Personalmente non sono indispettito se c’è chi commenta “Magnifica Humanitas” senza averla ancora letta. Si tratta di un documento complesso, non di un instant book, come sempre ricco di riferimenti alla dottrina e alle Sacre Scritture. Evidenziarne anche solo alcuni aspetti è un modo per invitare alla lettura o proporne una prospettiva.
Condividere ciò che abbiamo iniziato a cogliere è ciò che ho provato a fare anch’io, lo scorso giovedì, ospite della Diocesi di Bergamo, insieme a Stefano Remuzzi, il Direttore della Pastorale Sociale e del Lavoro. La serata era già programmata, ma l’occasione della pubblicazione del testo di Papa Leone l’ha resa ancor più partecipata e interessante.

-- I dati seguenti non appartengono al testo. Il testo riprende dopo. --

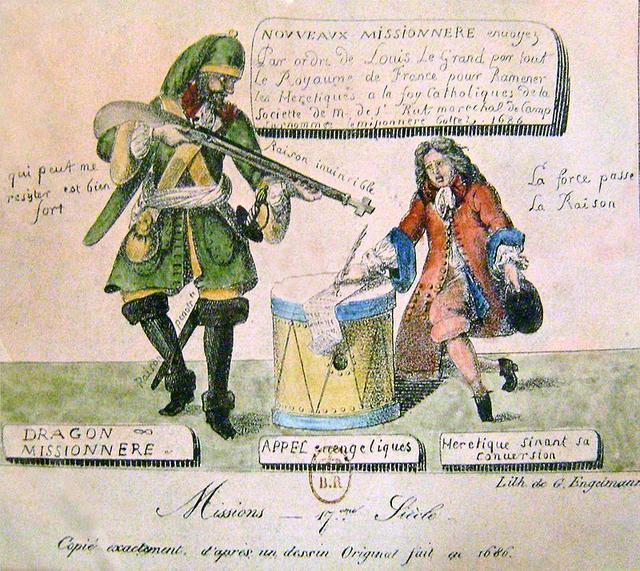 法国休京诺迫害时期一位龙骑兵正在恫吓一位休京诺派修士的漫画

Delle domande e delle riflessioni emerse durante l’incontro ho registrato le seguenti, anche perchè non sempre fanno parte degli incontri formativi che si organizzano con i professionisti e le aziende:
– la crescente consapevolezza in merito ai costi ambientali che la tecnologia implica e l’urgenza di individuarne soluzioni per renderla sostenibile;
– il timore diffuso che il suo uso costituisca un freno allo sviluppo e all’allenamento delle capacità cognitive e la necessità che, a scuola e al lavoro, vi siano formazione e modalità adeguate per introdurla;
– la preoccupazione che le risposte che i chatbot offrono non sono neutre, ma oggetto di possibili manipolazioni, soprattutto in considerazione della concentrazione di potere da cui l’offerta di tecnologia è connotata;
– se oggi è la AI Generativa è un supporto, domani la AI Agentica richiederà l’apporto di meno persone per lo stesso compito.

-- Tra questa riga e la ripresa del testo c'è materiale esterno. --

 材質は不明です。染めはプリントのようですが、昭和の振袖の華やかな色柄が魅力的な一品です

Di fronte a questi interrogativi, gli spunti che una lettura iniziale dell’Enciclica mi hanno più colpito sono i seguenti:
- come già aveva ricordato Papa Francesco, la semplice “consapevolezza” in merito alle caratteristiche dell’Intelligenza Artificiale non è sufficiente: occorre svilupparne il discernimento. Non basta sapere usare gli strumenti e conoscerne il funzionamento: occorre comprendere ciò che essi producano nell’Uomo, nelle relazioni con l’Altro, nella percezione della realtà e nell’impatto sul Creato;
- con una lucida interpretazione dei modelli generativi, l’osservazione secondo la quale le moderne intelligenze artificiali sono molto più “coltivate” che “costruite”. Non sono algoritmi di cui si possa conoscere in modo trasparente ogni passaggio decisionale, sono sistemi che emergono dall’addestramento su quantità immense di dati, sviluppando correlazioni e comportamenti che spesso nemmeno chi li realizza riesce pienamente a interpretare;
- di fronte alla tendenza all’antropomorfizzazione dell’AI, Magnifica Humanitas non si limita a ricordare i rischi di attribuire significato a ciò che la macchina interpreta come numero, ma sottolinea la minaccia di una nuova forma di alienazione ovvero che l’essere umano stesso divenga parte del sistema come soggetto standardizzabile e ottimizzabile;
- i rischi rappresentati dalla tendenza al compiacimento dei modelli linguistici ai fini di generare un’economia dell’attaccamento da parte degli utenti;
- il contrario di un rifiuto, anzi una considerazione del digitale come “bene a destinazione universale” in cui nuove “terre rare” sono i dati in grado di prevedere e orientare i bisogni delle persone;
- il ricordo dei lavoratori invisibili dell’intelligenza artificiale: annotatori sottopagati, moderatori di contenuti esposti quotidianamente a violenza e pornografia, lavoratori del Sud globale.
“Non serve un’AI più morale, se questa morale è decisa da pochi” è la sintesi che più mi è rimasta in mente di questa prima lettura dell’Enciclica accanto al concetto di “disarmo dell’AI”: non un rifiuto della tecnologia, ma della sua subordinazione alla logica della competizione economica e militare.
Un’ultima osservazione – semplice e al contempo spiazzante perché invoca una risposta integralmente umana – ha colpito i presenti. Quella che ha sollevato Stefano: se l’Intelligenza Artificiale è uno strumento di produttività, che cosa faremo del tempo che resta?